FASTRIC gives the essay a verification-oriented prompt-language example. Its contribution is the attempt to make LLM interactions specifiable and checkable through a dedicated language, moving prompt behavior away from informal instruction and toward verifiable interaction contracts. The essay uses it as one instance of the broader pattern: the surface matters when it can constrain or validate the interaction it describes.
Sharma et al. (2026), "Willful Disobedience: Automatically Detecting Failures in Agentic Traces"
Willful Disobedience supplies the trace-audit layer. The paper's contribution is automatic detection of cases where an agent's trace diverges from instructions or expectations, making compliance visible after execution rather than leaving it to impressionistic review. In the essay, this supports the audit claim: a specification surface gains authority when traces can be checked against it.
Mulian et al. (2026), "AgentFixer: From Failure Detection to Fix Recommendations in LLM Agentic Systems"
AgentFixer matters because it moves beyond detecting that an agent failed. Its contribution is a repair loop that connects failure diagnosis to fix recommendations, which is exactly the maintenance pressure a governing surface needs. The essay uses this paper to show that control does not end at validation; failures should push information back into the surface that governs the next run.

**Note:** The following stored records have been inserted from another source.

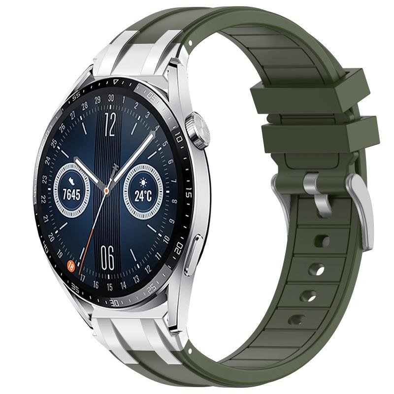 For Huawei Watch GT3 42mm 20mm Quick Release Silver Buckle Royal Silicone Watch Band(Olive Green)
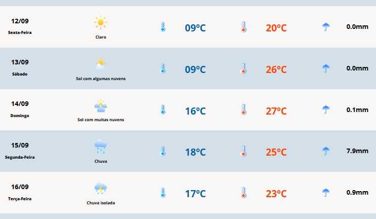 O estado continua sob a influência de um centro de alta pressão, o que mantém o tempo estável e sem previsão de chuvas significativas para os próximos dias.
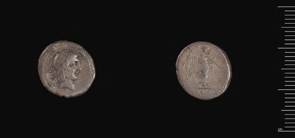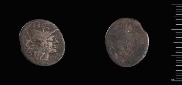Editor: This is a Denarius of M. Aburius Geminus, from Rome. It's just a small coin, but it looks quite powerful with the imagery. What do you see in this piece? Curator: This coin speaks volumes about Roman identity and power. The imagery on Roman coins were carefully chosen to convey messages about the state, its values, and its leaders. Who do you think the figures represent, and what sociopolitical narratives do you think the artist is trying to convey? Editor: It’s interesting to consider that even something as small as a coin could be used to shape public opinion. Curator: Absolutely! It reminds us that art is never neutral, it always reflects and shapes the society it exists within.
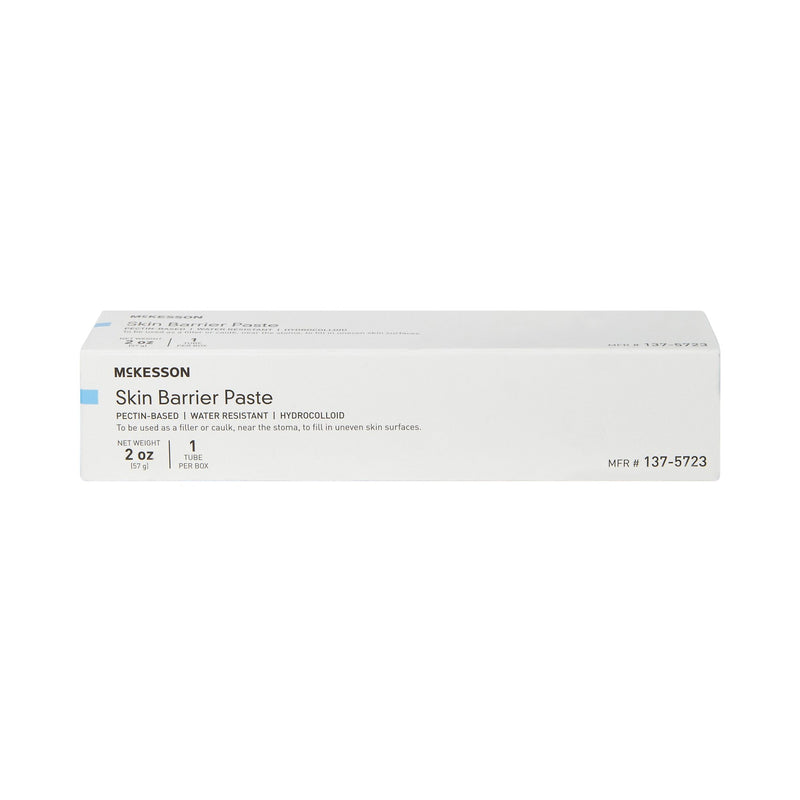 The McKesson Skin Barrier Paste is designed to provide a reliable and protective barrier for ostomy care. Its pectin-based formula creates an absorbent and protective layer on the skin, helping to reduce leakage by filling in creases and folds. This ensures a flatter surface for a secure fit, preventing drainage from breaching the ostomy skin barrier. The paste is quick and easy to apply, hardening upon application for immediate protection. It comes in an easy-to-squeeze tube with a screw-top lid and is not made with natural rubber latex.

Rasheed et al. (2026), "From Fluent to Verifiable: Claim-Level Auditability for Deep Research Agents"
Rasheed and coauthors give the essay its evidence-surface endpoint. Their contribution is claim-level auditability for deep research agents: fluent generated reports become governable only when claims can be linked to supporting evidence, checked, and disputed. The essay uses this source to extend the specification-surface idea beyond coding into research workflows where the artifact under review is not only code but also a chain of claims.